As it turned out, the arrogant Citron did not see the situation clearly.

At that time, due to the impact of the epidemic blockade, the number of new retail investors entering the US market increased significantly. These people not only held huge financial subsidies from the Biden administration, but also had been educated about the rise of the cryptocurrency circle and accepted the concept of high-volatility investment. More importantly, many small retail investors hated Wall Street institutions that represented traditional financial forces and were eager to fight for GameStop, which symbolized their beautiful childhood memories.

Keith became the leader of these retail investors. He wore his iconic red headscarf and broadcast live on YouTube every day, calling on everyone to buy GameStop shares.

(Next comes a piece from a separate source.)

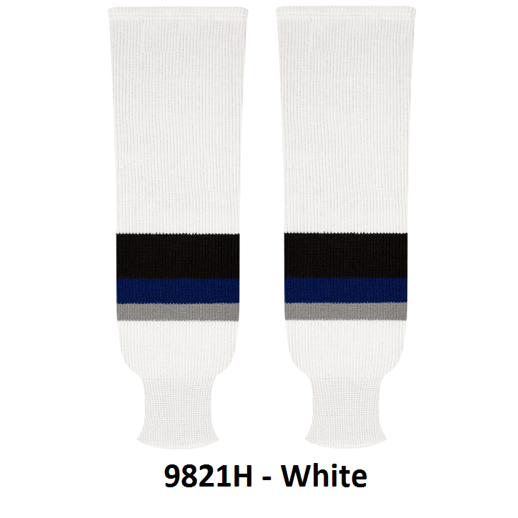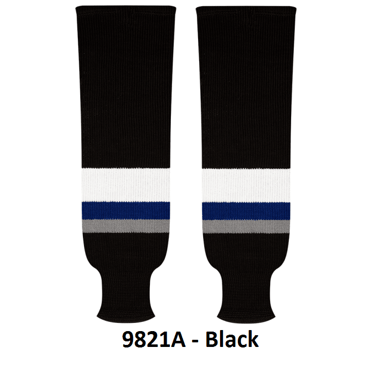 Kobe Tampa Bay Lightning hockey socks in home and away styles. Tampa Bay Lightning knit hockey socks in stock in adult, intermediate and youth sizes in authentic Lightning team blue, black and white stripes. Kobe knit hockey socks feature a 65% cotton / 35% polyester blended fabric. Made in Canada.

On January 4, 2021, GameStop closed at $17.25 per share. By the end of the month, it had reached a high of more than $500 per share. Throughout 2021, GameStop's stock price rose by more than 1,000%, also driving other meme stocks such as AMC and BlackBerry. AMC's highest range increase even reached 2,300%. Hedge funds with a scale of tens of billions of dollars were forced to close their positions and were beaten by small retail investors.

Keith deserves credit for this. This century-long short squeeze battle between retail investors and institutions was hailed by retail investors as the "battle of David and Goliath" and was even adapted into the movie "Dumb Money".

The short squeeze war of the century shocked Congress. Keith announced his retirement from the Internet

Eventually, the meme stock movement that swept the U.S. stock market alarmed the U.S. authorities. In February of that year, Treasury Secretary Yellen convened a meeting of regulators to discuss the impact of the meme stock movement. Keith, as a key figure, was later summoned to testify in the U.S. Congress.

He emphasized to Congress that he was just an individual investor, did not belong to any institution, did not provide professional financial advice, and his views were only for "educational purposes." He just believed that GameStop's main business was underestimated by the market and that the company could be reformed to adapt to the digital game retail world.

In his testimony, he also explained why he shared his views on social media, saying he did so because:

Hedge funds and other Wall Street firms have teams of analysts who work together to compile research reports and comment on investment ideas, but individual investors do not have such advantages.

Keith also insisted in his written testimony that the idea that he alone instigated the meme stock surge was "ridiculous."

The idea that I used social media to promote GameStop stock to uninformed investors is ridiculous, and I am very clear that my channel is for educational purposes only. … Whether other individual investors buy the stock is irrelevant to my argument.

In June 2021, Keith posted a video of a kitten sleeping on Twitter, and then disappeared from social media until his sudden return on May 13.

According to media reports, Keith initially bought $53,000 worth of GameStop shares in 2019 and has since increased his holdings several times. At the peak of the meme stock price surge, his holdings were worth approximately $48 million.